Tuesday, April 5, 2011

Finding Balance

The wind crept into us off the ocean.  We pulled our bodies around us tightly. We all shivered anyway. Despite our hats and scarves and sweaters. Despite the sun, the walking.

We had been waiting patiently for spring. It's why we came. On the promise of warm weather. Even the dogs were unsure, stopping to kick the sand from their paws, a step here, a step there, looking heartbroken each time.

It was then the waves rose higher.  Fell harder. The sand held our steps longingly. 

***

It all felt like a dream she had, she said.

"It was this," she said, one hand holding down her hat, the other spanning across the horizon. "All of this. The people, too." We all nodded, because it seemed reasonable. Like we, too, had dreamt it, or that we were dreaming it only then, or that we had meant to dream it once before.

We followed the water’s edge around the bend.  There, the stones sat heavy against everything: the tide, our spirits, both breaking slowly in the cold. There was no other way across. Our shoes barely gripped their slick backs.

R and A drifted away over the rocks to the smooth sands on the other side, never looking back. The dogs ran even further ahead than that.

She looked up but once to calculate the distance trailing behind them that was growing before her. Otherwise, we looked down, troubling the stones with our brand new ambition. 

The first rocks we lifted were inarticulate. Small, oddly shaped.  Each marked the end of an idea.   I dug deep, lifted with my legs.
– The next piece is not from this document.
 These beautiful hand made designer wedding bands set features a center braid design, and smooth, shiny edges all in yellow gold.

My arms burned. This one fit perfectly on its end.  The next one did too. Together, they rose like an arm reaching out its hand to be held. Together, both rooted and free.

***

Castle hill rose high above, beside us. A path on the other side of the stones would take us to the top. Loop through the marshlands.  Bend back to the bay.  Shroud us with tree cover.  Some snow still rested in darkened corners behind rocks and under newly felled trees. Some trees still held leaves. Above it all, the sky, blue.

“We would take a boat through here,” she would say then, pointing to water snaking through the marshes.  A recent history.  Not ours. I would imagine it.  I would try not to.  But it would be in trying not to that does it. In a moment, it would pass.  But, in a moment would be too late. My silence would plow at the trail before us. Our steps would slow.  The trail would muddy.

***

The last rock was not as balanced.  Three tries later, I still held it in my hands, cradled it, brushed my fingers over its uneven terrain, sought the point where the weight shifted, pulled the rock down.  On the fourth pass, I found it, let the stone rest in my cupped fingers.  The edges were abrupt.  Not round and smooth like the other two. I was surprised by my choice, by the contrast, that it felt wrong to set it down or to find another.
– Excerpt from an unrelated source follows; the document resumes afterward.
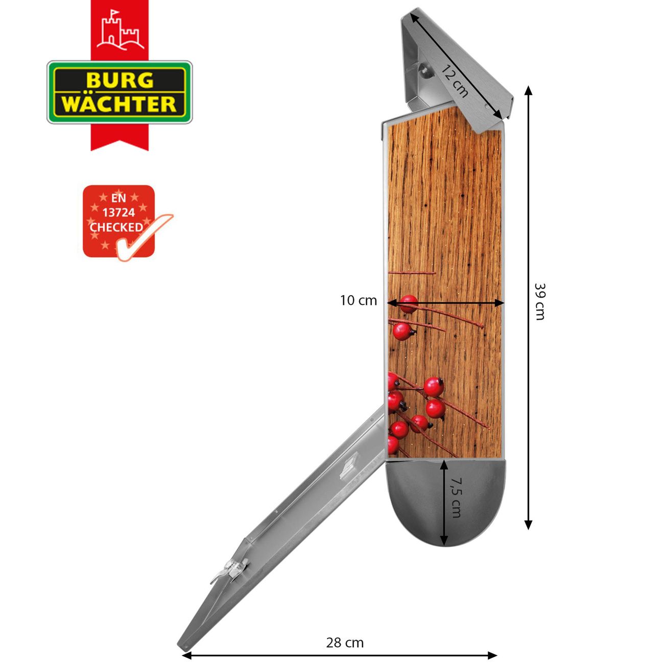 Der BURG-WÄCHTER Edelstahl Briefkasten mit Motiv Weihnachtskranz und Zeitungsrolle bietet Ihnen mit seinem Fassungsvermögen genügend Platz auch für große A4 Sendungen und Zeitschriften. Das integrierte Regendach schützt Ihre Post vor dem Eindringen von Regen.

She looked at me and nodded, a smile courting her lips, working through the cold. Her hat lay low over her ears. The wide brim waved in the wind. Her jacket stood stiffly. She waited with me. Hands folded before her. I placed the rock atop the others, sliding it back and forth slowly, seeking balance, seeking the perfect juncture, where stone against stone would hold.

***

The rest of the trail to the top would be quiet. We would stop at the top.  Rest on a low wall at the back of the Crane mansion. Gaze across the grounds out over the treetops. It would be much later that she would take my hand.  It would be after we circumferenced the house.  It would be after we made the long rolling walk to the edge of the greens at the very end of the property to look out over the water, to Plum Island across the bay. It would be after the walk back through the puddled lawns to the path that promised to take us back to the road, to the lot where we had started. It would be at the fork in the road where the path either led back to the house or back to the beach.  And her hand would be warm despite the cold, her fingers sliding through and into mine.

When we would drift from the path to the road, our arms would be swinging, our hands locked until passing cars forced us on to the shoulder.  Single file. No longer silent. I would follow her back to the lot, back to the car, back to the place where we began. R and A would be behind us. The dogs would be behind them. The gravel would be loose beneath our feet.  The cattails would bow as we passed.  

***

When I lifted my hands, the stone stayed.  I lowered my arms, tentatively, my hands still contoured to weight of everything the earth could yield to me without me having to let go, and looked out across the water.  The wind was strong, but the stones would stay. They would stay with each step across to the sands on the other side of the rocky terrain. They would stay with each step closer to the path along the marshland.  They would stay once we crossed the barrier between beach and grasslands along the river way.  They would stay until her hand found its way to mine through the silence. They would stay until we climbed back in the car, dogs and all, where the seats were warmed by afternoon sun, where we loosened scarves and hunched shoulders from around our necks, where the vast improbabilities between where we were and where we were headed were all at once abundant and manageable. And, without a word, we headed that way.